Figure 2. (A) A-Scan Ultrasound Prior to Initiation of Propranolol Documented a Lesion with a Maximal Depth of 22.3 mm. The Arrows Correlate to the Anterior and Posterior Aspects of the Lesion. The Line Shows Sound Attenuation (angle Kappa) Through the Lesion. (B) A-Scan Ultrasound 2 Weeks After Initiation of Treatment Documented a Lesion with a Maximal Depth of 20 mm. The Arrows Correlate to the Anterior and Posterior Aspects of the Lesion, Which Has Clearly Reduced in Size. (C) A-Scan Ultrasound 6½ Weeks After Initiation of Treatment Documented a Lesion with a Maximal Depth of 16 mm. The Arrows Mark the Anterior and Posterior Reflectivity Spikes in the Area of the Previous Lesion, Which now Is Significantly Reduced in Size and Looks More Similar to the Normal Periocular Pattern.

Discussion

Current treatment for vision-threatening periocular capillary hemangiomas includes systemic, topical, or intralesional corticosteroids, interferon alfa-2b, radiation, and surgery. Systemic steroids have a low response rate, with only 30% of life- or vision-threatening hemangiomas responding with marked regression,3 and hemangiomas larger than 20 cm2 have been documented to have a poorer response. According to Chowdri et al.3 and Kushner,4 intralesional steroids result in a higher response rate (80% and 84%, respectively). This modality has significant risks,5 including optic neuropathy, subcutaneous deposits, tissue atrophy, eyelid necrosis, adrenal suppression, retrograde embolization, and central retinal artery occlusion.

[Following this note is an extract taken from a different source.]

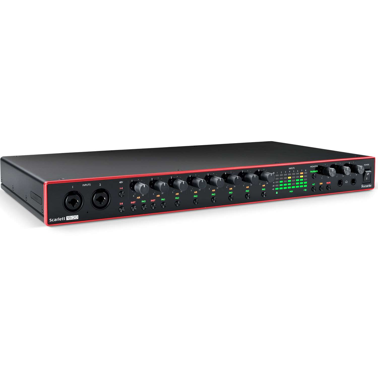 The eight improved Scarlett microphone preamps feature switchable phantom power, input pads, and selectable Air circuits, which add brightness based on Focusrite’s legendary ISA preamplifier.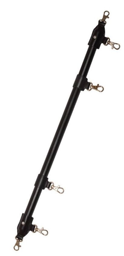 Фиксирующая BDSM-распорка от Sitabella поможет ограничить подвижность партнёра. Девайс состоит из цилиндрической металлической основы и кожаных креплений из натуральной толстой кожи, к которой прикреплены карабины для фиксации наручников или оков. Центральные фиксирующие элементы подвижны относительно основы, что даёт возможность регулировать распорку индивидуально. Карабины имеют никелевое покрытие.

Although measures to avoid the complication of retinal embolization lower the risk of central retinal artery occlusion,6 this potentially blinding consequence is often feared by patients’ families and practitioners. Therefore, other treatment modalities have been investigated. Hastings et al.7 studied the use of interferon alfa-2b in the treatment of 40 children 3 years old or younger with life- or vision-threatening hemangiomas, 35 of whom had no response to oral or intralesional steroids. Treatment with interferon alfa-2b resulted in an average regression of 82%, as measured by computed tomography. However, this therapy required daily subcutaneous injections over 3 months and had risks including fever, neutropenia, increased liver function tests, and intercurrent mild illnesses.

Léauté-Labrèze et al. reported 11 children with capillary hemangiomas treated with systemic propranolol exhibiting a dramatic improvement in their tumors.2 The study was initiated after two children treated with propranolol for myocardiopathy were found to have dramatic incidental changes in their hemangiomas. Nine additional patients were treated and within 24 hours all of the lesions changed from intense red to purple and softened. The patients continued to improve until the lesions were nearly flat with only residual skin telangiectasias.2 Several other reports have also documented significant improvement in cutaneous and laryngotracheal hemangiomas treated with propranolol.8–11

The most common dosage for treatment is 2 to 3 mg/kg/day divided in twice-daily dosing. Some studies advocate using a protocol with baseline cardiac ultrasonography, cardiologic examination, and monitoring of blood glucose levels during the first 48 hours of treatment, while initiating propranolol at 0.16 mg/kg/8 h and increasing to a maximum of 2 mg/kg/day.8 Our patient initiated propranolol at 0.5 mg/kg/day and increased to 2 mg/kg/day over several weeks. She had baseline cardiac ultrasonography and cardiologic examination and had no side effects throughout the treatment. Treatment was tapered after age 1 year with no relapse of the hemangioma.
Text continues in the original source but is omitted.